Quand les gobelins pénétrèrent finalement dans la cité, ils la trouvèrent complètement déserte. Ils regardèrent avec colère les navires qui s’éloignaient vers l’est pour rejoindre la flottille de Targos et de Termalaine. Bremen était trop éloigné de tout pour être d’une quelconque utilité à Akar Kessell, et donc, contrairement à la cité de Termalaine qui avait été convertie en camp de base, cette ville fut réduite en cendres.
Sur le lac, les derniers sans-abri victimes de la destruction aveugle de Kessell regardèrent avec impuissance leurs demeures s’écrouler en amas de décombres fumants.
Du haut des murs de Bryn Shander, Cassius et Régis observaient également la scène.
— Il a commis une autre erreur, dit Cassius au halfelin.
— Laquelle ?
— Kessell a mis au pied du mur les habitants de Targos, de Termalaine, de Caer-Konig, de Caer-Dineval et maintenant de Bremen, expliqua Cassius.

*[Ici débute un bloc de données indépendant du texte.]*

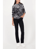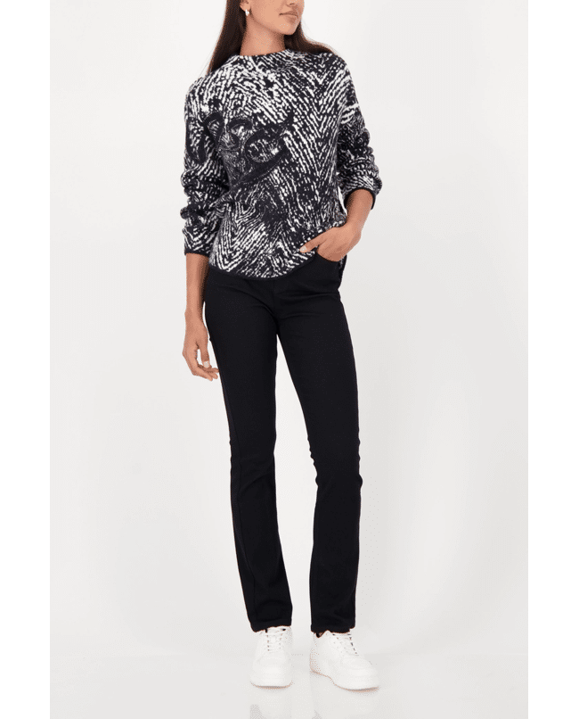 Deze trui is een echte blikvanger dankzij het grafische visgraatmotief en de subtiele strass-details. Perfect voor wie comfort wil combineren met karakter.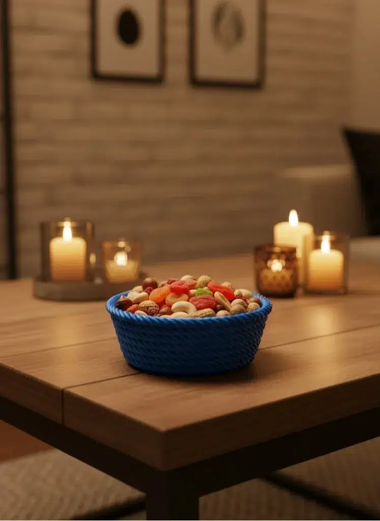 Yuvarlak Çerezlik Lacivert 4×12 cm ölçüsüyle küçük ama işlevsel bir sunum çözümü sunar. Salon sehpaları, masa üstleri ve raf dekorasyonlarında hem dekoratif hem de kullanışlı bir ürün olarak öne çıkar. Lacivert rengi, sıcak ve loş salon aydınlatmalarıyla birleştiğinde şık bir atmosfer oluşturur.Örgü formu sayesinde sade bir kase görünümünden farklı olarak dekoratif bir etki yaratır. Günlük kullanım için pratik olduğu kadar misafir ağırlarken de es bir sunum imkânı sağlar. Çerez, kuru yemiş, draje, çikolata ve küçük atıştırmalıklar için uygundur.Minimal boyutu sayesinde kalabalık görüntü oluşturmaz ve masa düzenini bozmadan kullanılır. Salon, mutfak ve ofis ortamlarında rahatlıkla tercih edilebilir. Dekorasyonuna küçük ama etkili dokunuşlar eklemek isteyenler için ideal bir tamamlayıcı üründür.

Ils n’ont nulle part où aller à présent. Leur seul espoir réside dans la victoire.
— Ce n’est pas un bien grand espoir, remarqua Régis. Tu as vu ce que la tour peut faire. Et même sans elle, l’armée de Kessell peut tous nous détruire ! Comme il l’a dit, il a toutes les cartes en main.

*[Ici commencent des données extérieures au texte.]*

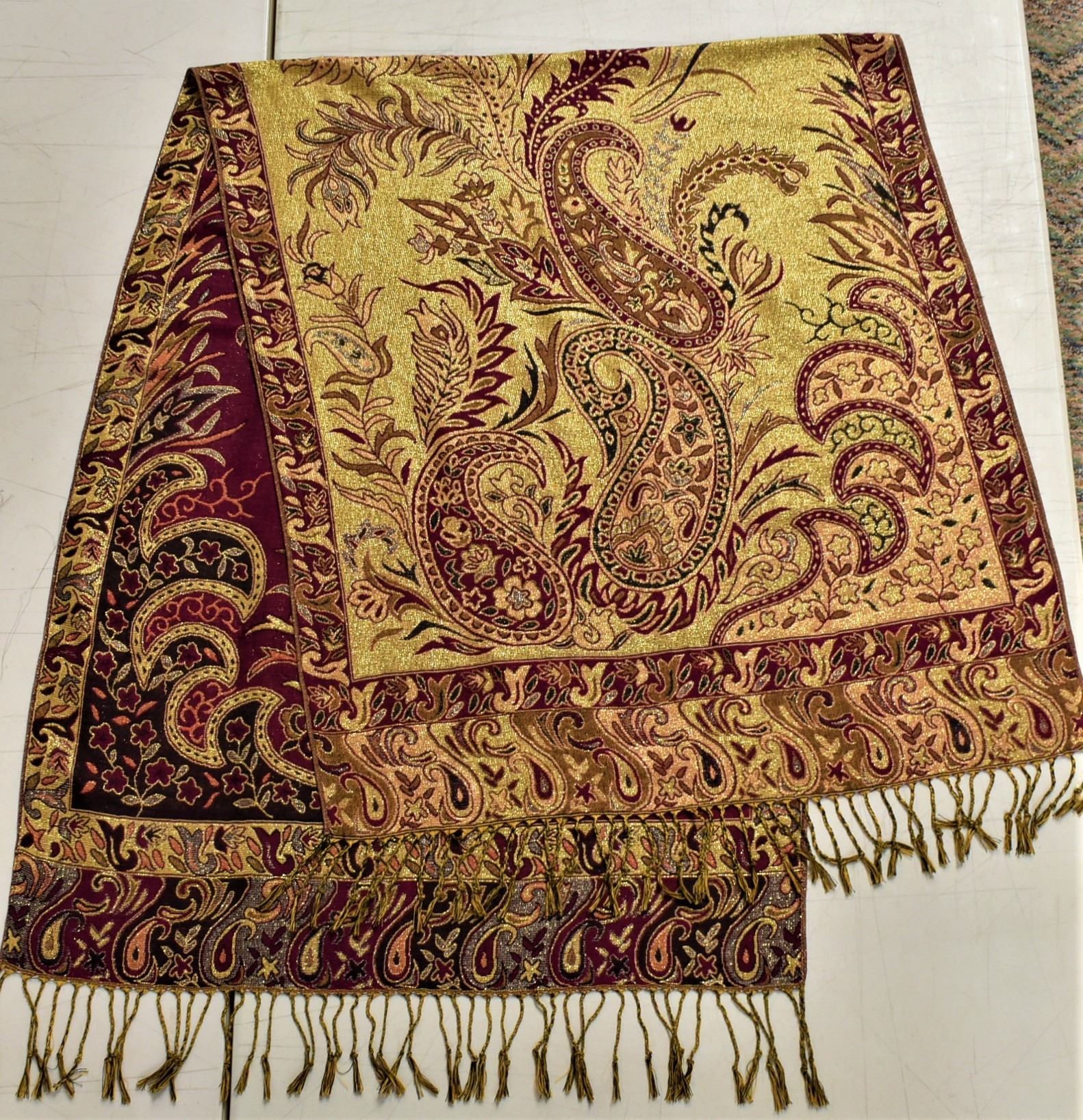 Eastern India Gold Gilt Thread Tapestry, measures 37'' x 74'' which includes the fringe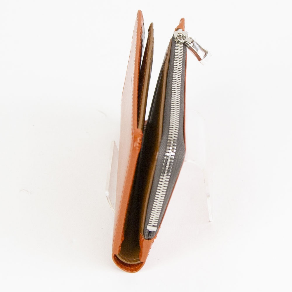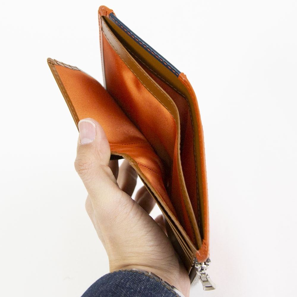 本体素材は日本で唯一LWG(レザーワーキンググループ)と取得しているタンナーで作られており、ステアレザーにクロム鞣しをして染色し、銀面を擦って浮きが出ない様に特殊な薬品を使いタイトコート加工をしています。 バインダーで銀面を平らに滑らかにならしていき、塗料を吹き付けることにより綺麗な発色のレザーになります。 表面にはキップ調の型押しをすることでキメの整った仕上がりとなっています。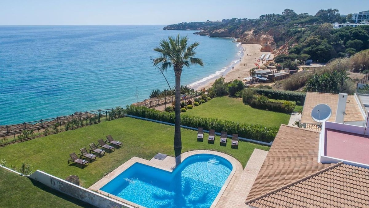 Amazing 180° Seafront view with private heatable swimming pool 2 bedrooms, 1 living room, 1 dining room, 1 fully equipped kitchen, 2 bathrooms, 2 terraces. Recently refurbished and fully equipped. Modern and stylish. Fantastic views over the ocean and Albufeira's beach/city. Private swimming pool with ocean view. Central location. Easy parking. All commodities within 100 meters. 4 minutes walk from the beach. The apartment is on the 3rd (and last) floor of a 3 storey typical Algarvian villa.

— Peut-être, concéda Cassius. Le sorcier croit qu’il est invincible, cela, c’est certain. Et c’est une erreur, mon ami. Le plus doux des animaux se battra avec courage s’il est mis dos au mur, car il n’aura plus rien à perdre. Un homme pauvre est plus meurtrier qu’un homme riche, car la vie a moins de valeur pour lui. Et un homme sans abri, coincé sur les steppes gelées, quand les premiers vents de l’hiver commencent déjà à souffler, est de fait un ennemi redoutable !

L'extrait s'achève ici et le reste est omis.